What you are asked to do: Without the pictures, give every record again exactly.

Available data:
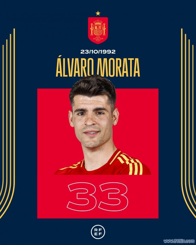 西班牙队官方社媒晒出为莫拉塔制作的生辰海报,配文:“祝你生辰逍遥,莫拉塔。这位科莫先锋、西班牙队史第四弓手迎来了我方的生辰。”
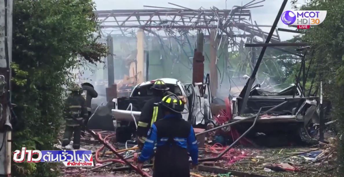 เจ้าของโรงงาน บอกว่า ขณะเกิดเหตุคนงานกำลังเร่งผลิตพลุและดอกไม้ไฟไว้ขายในช่วงลอยกระทง แต่เกิดประกายไฟ คาดว่าไฟฟ้าลัดวงจร จนทำให้เชื้อเพลิงจากการทำพลุระเบิดรุนแรง และยังมีส่วนผสมในการทำพลุดอกไม้ไฟอีกจำนวนมากอยู่ใต้อาคาร เจ้าหน้าที่ต้องกันพื้นที่เกิดเหตุไว้ก่อน เพื่อความปลอดภัย. – สำนักข่าวไทย
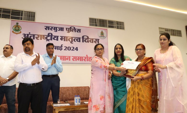 पुलिस महानिरीक्षक सरगुजा रेंज के गरिमामयी उपस्थिति मे अंतर्राष्ट्रीय मातृत्व दिवस के अवसर पर मातृत्व सम्मान समारोह का किया आयोजन शहीद पुलिसकर्मियों की माताओ एवं शिक्षा एवं खेलकूद मे अव्वल आए पुलिस परिवार के बच्चों की माताओ कों किया गया सम्मान शहीद परिवार की माताओ कों शाल श्रीफल प्रदान कर किया गया सम्मनित
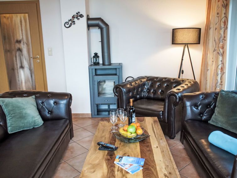4-room house 95 m2 on 2 levels. Cosy furnishings: living/dining room with Scandinavian wood stove, dining table and satellite TV (flat screen). Exit to the terrace. 1 room with 1 double bed (180 cm, length 200 cm). Kitchenette (4 hot plates, oven, dishwasher, toaster, kettle, microwave, electric coffee machine).
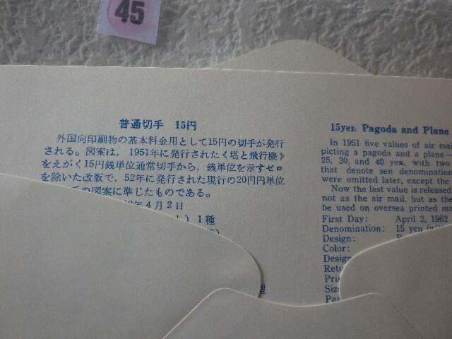 FDC 航空切手 円単位五重塔 15 11 1962年 説明書有 ncc●45●同梱大歓迎
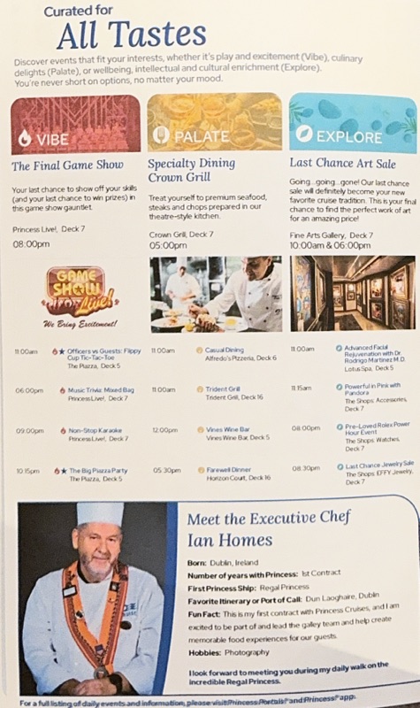 We couldn’t rely on those normal telltale signs that our cruise had come to an end, such as the thrusters spinning our ship into place at its berth, to act as our alarm this morning. Instead we set alarms on both phones and my iPad to make sure we didn’t miss our final Sabatini’s breakfast.
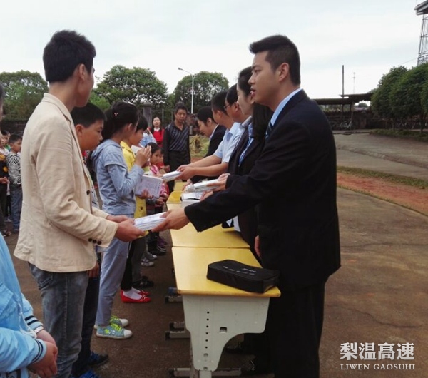 双金收费站组织青年职工到当地双金中心小学开展献爱心慰问活动,向学校送去了作业本,文具盒,爱心书包等学生用品,向该校贫困生送去了慰问金和助学基金,并鼓励孩子们一定好好学习,立志成才,长大后成为对社会有用的人。
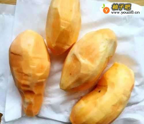 先将红薯去皮,洗干净,然后等到表面的水吸干
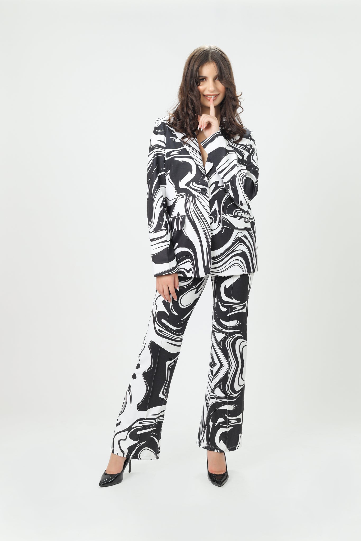 Create an absolute style with this Black and White printed PANT SUIT for a perfect quirky look. Can't take your eyes off? I KNOW RIGHT!
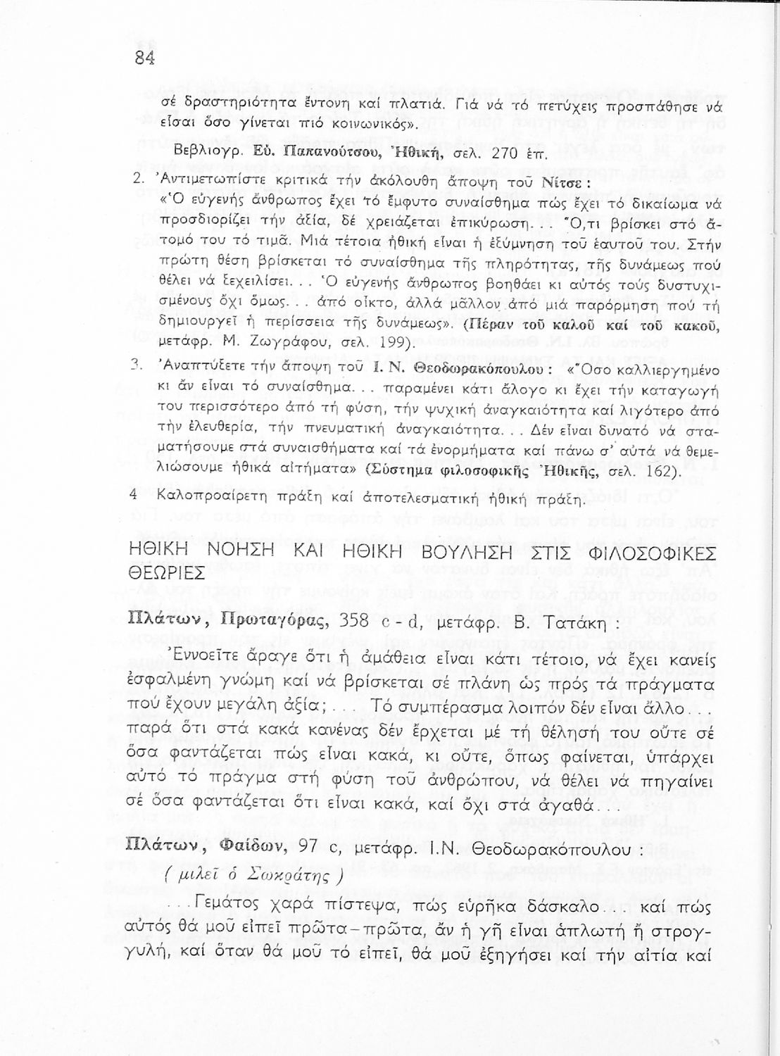 Σχολικό εγχειρίδιο Φιλοσοφίας για την ΣΤ΄ Γυμνασίου που περιέχει αποσπάσματα από διάσημα φιλοσοφικά κείμενα τόσο της ελληνικής αρχαιότητας όσο και της σύγχρονης ευρωπαϊκής σκέψης και θέματα προς συζήτηση. ...
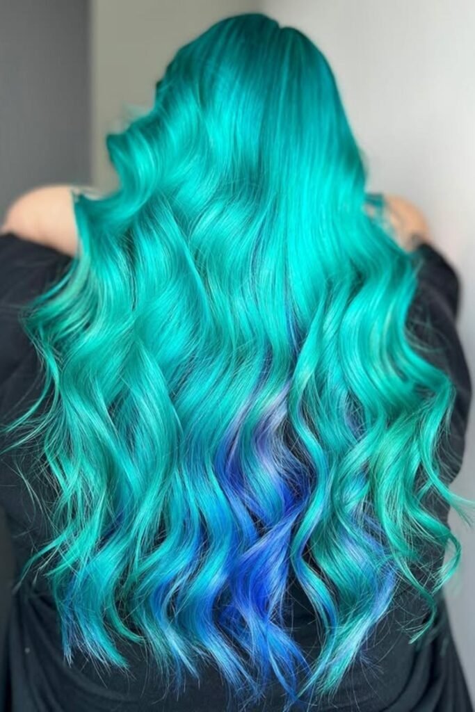 Teal-to-blue fade peekaboo blends two cool shades under the hair. The fade gives depth and smooth color change.
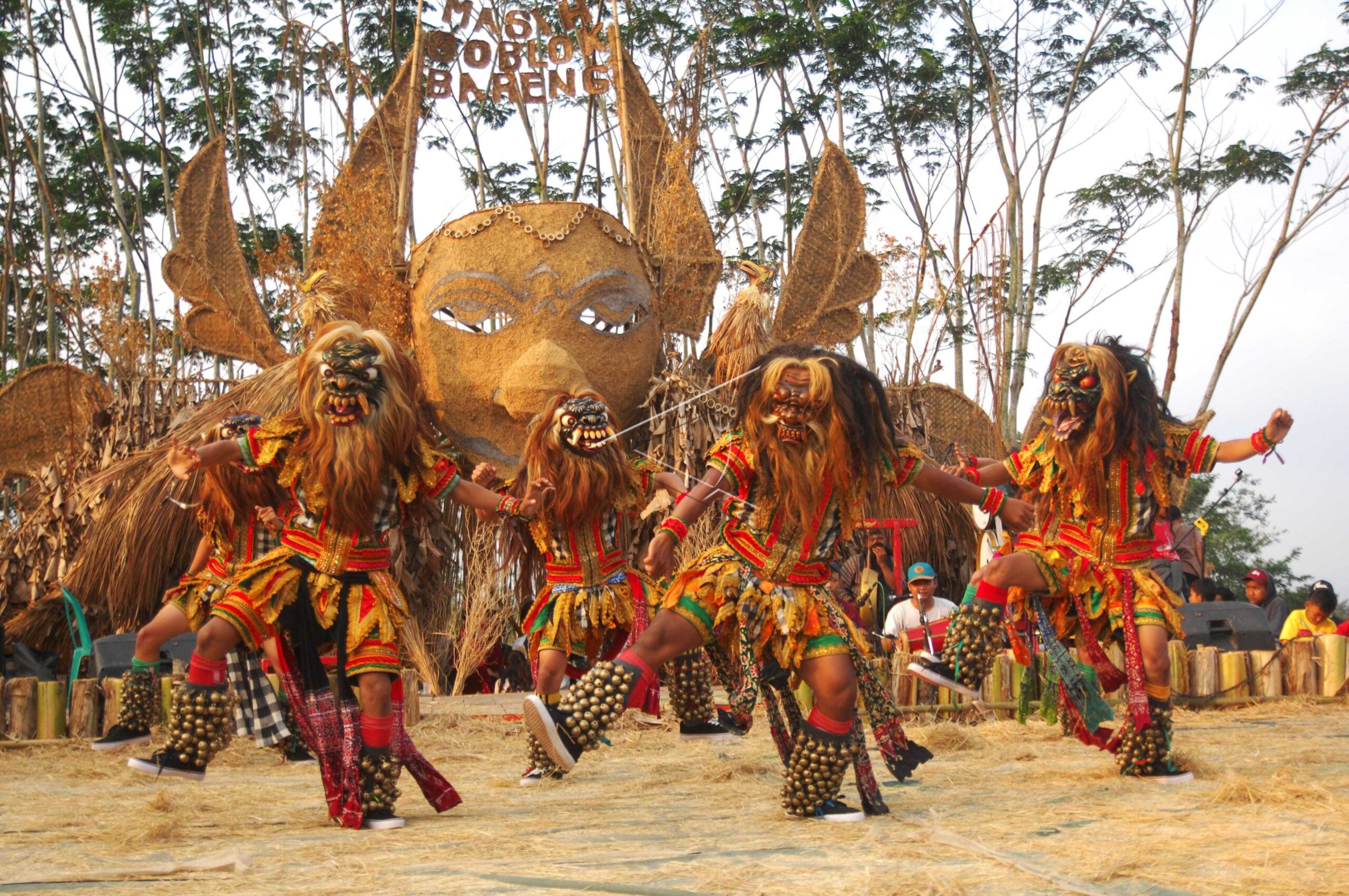 Penari komunitas New Zugus Yogyakarta menampilkan tari Butho di arena Festival Lima Gunung (FLG) XVII di Wonolelo, Bandongan, Magelang, Jawa Tengah, Minggu (12/8/2018). ANTARA FOTO/Anis Efizudin/ama/dw/wpa.

Expected output:
 西班牙队官方社媒晒出为莫拉塔制作的生辰海报,配文:“祝你生辰逍遥,莫拉塔。这位科莫先锋、西班牙队史第四弓手迎来了我方的生辰。”
 เจ้าของโรงงาน บอกว่า ขณะเกิดเหตุคนงานกำลังเร่งผลิตพลุและดอกไม้ไฟไว้ขายในช่วงลอยกระทง แต่เกิดประกายไฟ คาดว่าไฟฟ้าลัดวงจร จนทำให้เชื้อเพลิงจากการทำพลุระเบิดรุนแรง และยังมีส่วนผสมในการทำพลุดอกไม้ไฟอีกจำนวนมากอยู่ใต้อาคาร เจ้าหน้าที่ต้องกันพื้นที่เกิดเหตุไว้ก่อน เพื่อความปลอดภัย. – สำนักข่าวไทย
 पुलिस महानिरीक्षक सरगुजा रेंज के गरिमामयी उपस्थिति मे अंतर्राष्ट्रीय मातृत्व दिवस के अवसर पर मातृत्व सम्मान समारोह का किया आयोजन शहीद पुलिसकर्मियों की माताओ एवं शिक्षा एवं खेलकूद मे अव्वल आए पुलिस परिवार के बच्चों की माताओ कों किया गया सम्मान शहीद परिवार की माताओ कों शाल श्रीफल प्रदान कर किया गया सम्मनित
4-room house 95 m2 on 2 levels. Cosy furnishings: living/dining room with Scandinavian wood stove, dining table and satellite TV (flat screen). Exit to the terrace. 1 room with 1 double bed (180 cm, length 200 cm). Kitchenette (4 hot plates, oven, dishwasher, toaster, kettle, microwave, electric coffee machine).
 FDC 航空切手 円単位五重塔 15 11 1962年 説明書有 ncc●45●同梱大歓迎
 We couldn’t rely on those normal telltale signs that our cruise had come to an end, such as the thrusters spinning our ship into place at its berth, to act as our alarm this morning. Instead we set alarms on both phones and my iPad to make sure we didn’t miss our final Sabatini’s breakfast.
 双金收费站组织青年职工到当地双金中心小学开展献爱心慰问活动,向学校送去了作业本,文具盒,爱心书包等学生用品,向该校贫困生送去了慰问金和助学基金,并鼓励孩子们一定好好学习,立志成才,长大后成为对社会有用的人。
 先将红薯去皮,洗干净,然后等到表面的水吸干
 Create an absolute style with this Black and White printed PANT SUIT for a perfect quirky look. Can't take your eyes off? I KNOW RIGHT!
 Σχολικό εγχειρίδιο Φιλοσοφίας για την ΣΤ΄ Γυμνασίου που περιέχει αποσπάσματα από διάσημα φιλοσοφικά κείμενα τόσο της ελληνικής αρχαιότητας όσο και της σύγχρονης ευρωπαϊκής σκέψης και θέματα προς συζήτηση. ...
 Teal-to-blue fade peekaboo blends two cool shades under the hair. The fade gives depth and smooth color change.
 Penari komunitas New Zugus Yogyakarta menampilkan tari Butho di arena Festival Lima Gunung (FLG) XVII di Wonolelo, Bandongan, Magelang, Jawa Tengah, Minggu (12/8/2018). ANTARA FOTO/Anis Efizudin/ama/dw/wpa.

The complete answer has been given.